> **Source information**
[Start of section]

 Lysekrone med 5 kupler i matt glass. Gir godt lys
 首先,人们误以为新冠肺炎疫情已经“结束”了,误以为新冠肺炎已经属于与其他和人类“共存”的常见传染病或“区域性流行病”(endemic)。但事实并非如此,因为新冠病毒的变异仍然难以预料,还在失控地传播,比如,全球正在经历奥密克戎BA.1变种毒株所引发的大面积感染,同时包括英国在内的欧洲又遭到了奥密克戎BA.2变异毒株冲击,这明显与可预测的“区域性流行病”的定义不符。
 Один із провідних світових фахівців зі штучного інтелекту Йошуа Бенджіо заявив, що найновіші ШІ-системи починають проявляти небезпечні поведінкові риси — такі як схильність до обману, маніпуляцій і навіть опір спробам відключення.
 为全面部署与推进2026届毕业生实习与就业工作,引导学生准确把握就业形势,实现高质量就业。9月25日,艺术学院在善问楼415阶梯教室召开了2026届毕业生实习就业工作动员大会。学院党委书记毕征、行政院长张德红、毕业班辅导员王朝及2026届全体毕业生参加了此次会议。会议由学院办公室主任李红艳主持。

[End of section]
[Start of section]

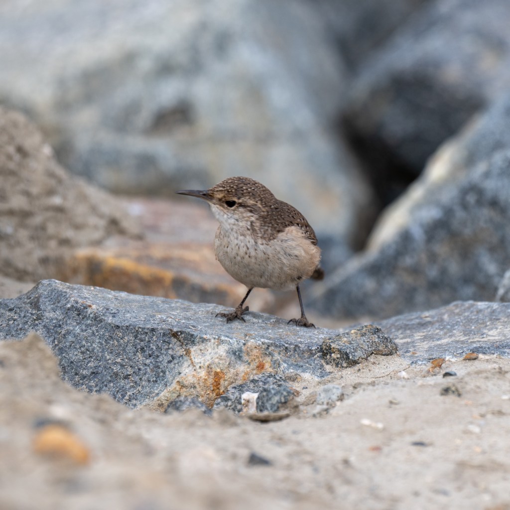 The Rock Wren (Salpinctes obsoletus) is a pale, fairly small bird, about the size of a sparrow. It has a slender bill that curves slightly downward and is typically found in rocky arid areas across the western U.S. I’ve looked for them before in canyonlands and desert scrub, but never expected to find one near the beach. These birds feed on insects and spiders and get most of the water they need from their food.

[End of section]

> **Task instructions**
For this exercise, repeat exactly the lines of the data above from the one with "Lysekrone med 5" down to the one with "为全面部署与推进2026届毕", both end lines included.

> **Result for this task**
 Lysekrone med 5 kupler i matt glass. Gir godt lys
 首先,人们误以为新冠肺炎疫情已经“结束”了,误以为新冠肺炎已经属于与其他和人类“共存”的常见传染病或“区域性流行病”(endemic)。但事实并非如此,因为新冠病毒的变异仍然难以预料,还在失控地传播,比如,全球正在经历奥密克戎BA.1变种毒株所引发的大面积感染,同时包括英国在内的欧洲又遭到了奥密克戎BA.2变异毒株冲击,这明显与可预测的“区域性流行病”的定义不符。
 Один із провідних світових фахівців зі штучного інтелекту Йошуа Бенджіо заявив, що найновіші ШІ-системи починають проявляти небезпечні поведінкові риси — такі як схильність до обману, маніпуляцій і навіть опір спробам відключення.
 为全面部署与推进2026届毕业生实习与就业工作,引导学生准确把握就业形势,实现高质量就业。9月25日,艺术学院在善问楼415阶梯教室召开了2026届毕业生实习就业工作动员大会。学院党委书记毕征、行政院长张德红、毕业班辅导员王朝及2026届全体毕业生参加了此次会议。会议由学院办公室主任李红艳主持。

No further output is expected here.